Langford is endearing as Roxie, playing the role with an innocent little-girl-lost air while at the same time keeping enough knowingness – particularly on lines such as “that’s’ showbiz, kid” – and sass to make her credible. Victor McGuire as her husband, Amos, is lovably downtrodden, and he really gets the audience on side.
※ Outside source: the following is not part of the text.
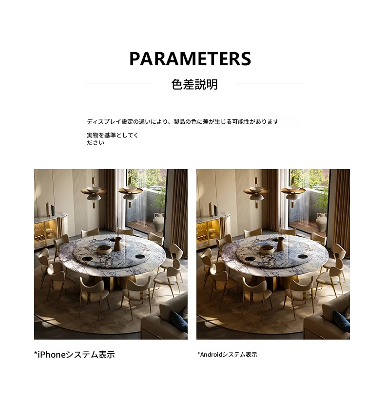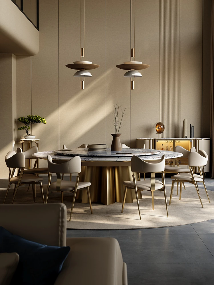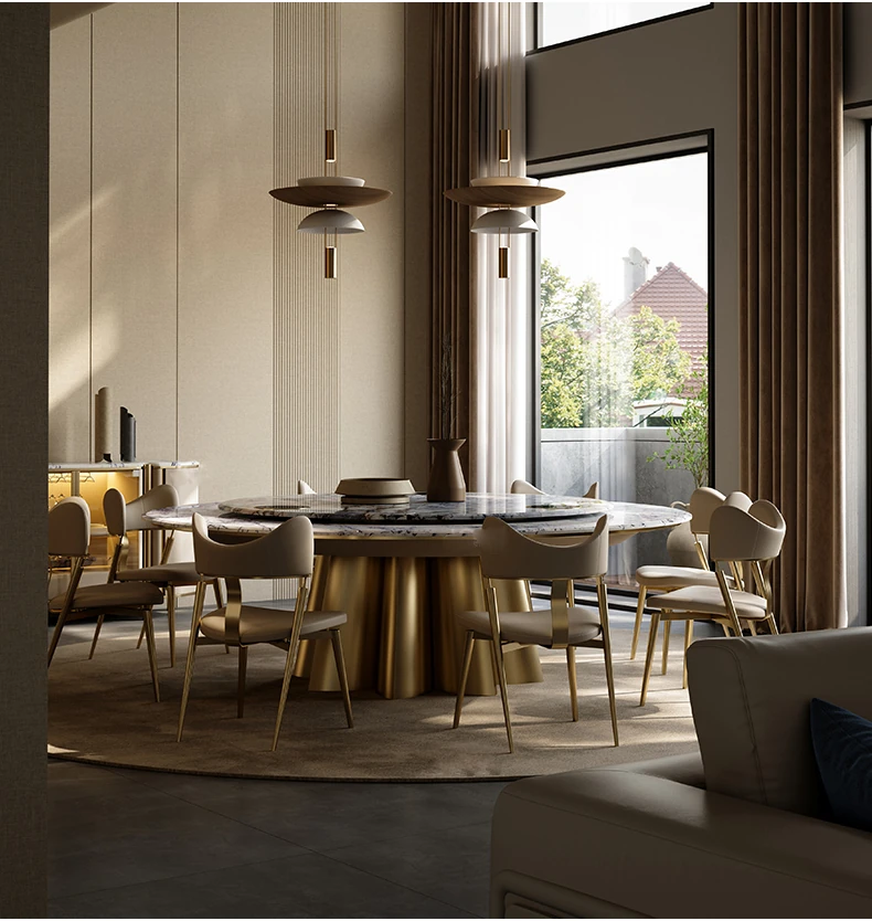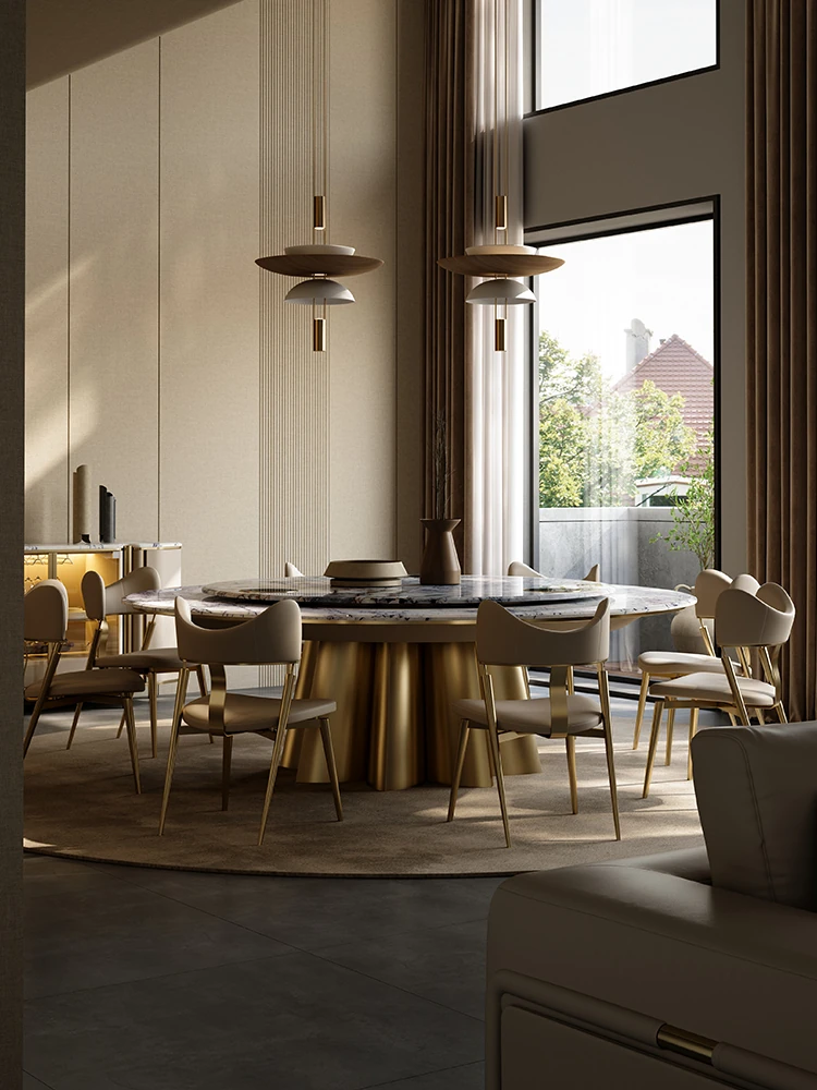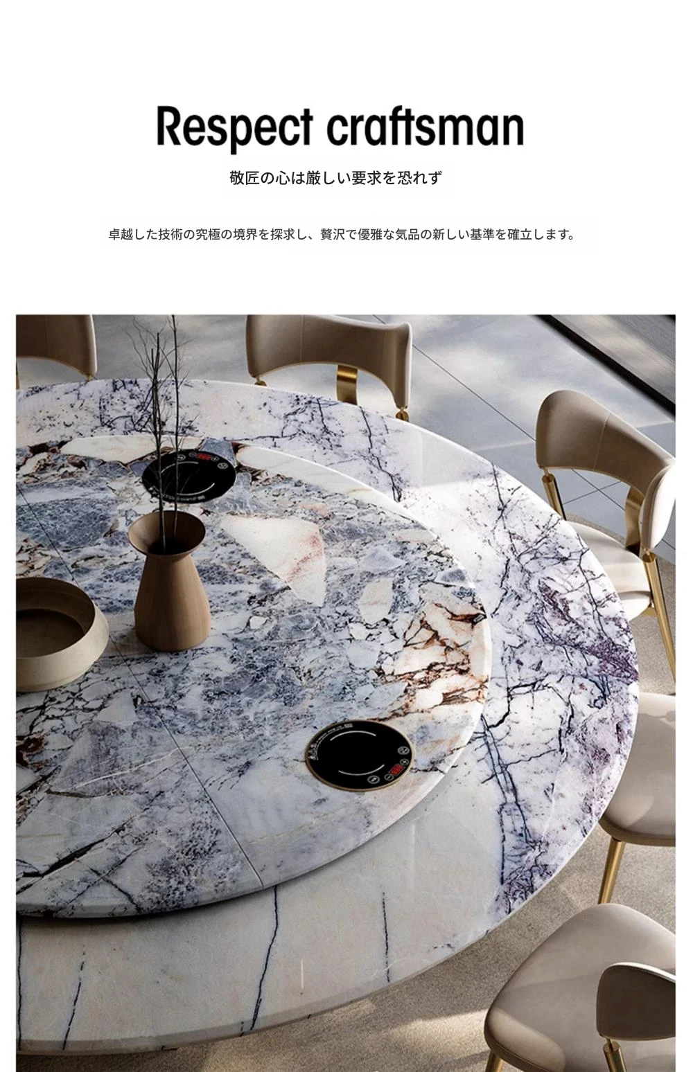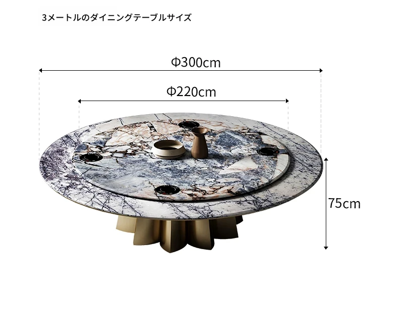 イタリアンラグジュアリー天然石ラウンドダイニングテーブル - 回転式電磁調理器付き、別荘にぴったりのスタイリッシュなテーブルセット!優雅なデザインで、食事のひとときを特別に演出します。

Amra-Faye Wright is a stunning Velma, oozing class, despite being “a low-brow”. And her statuesque figure dwarfs Langford, adding a nice comedy touch to scenes where they dance together. Brenda Edwards of X Factor fame gives an impressive performance as Mamma Morton; her singing voice is terrific, although she could brush up on her American accent slightly and articulate more clearly for the dialogue.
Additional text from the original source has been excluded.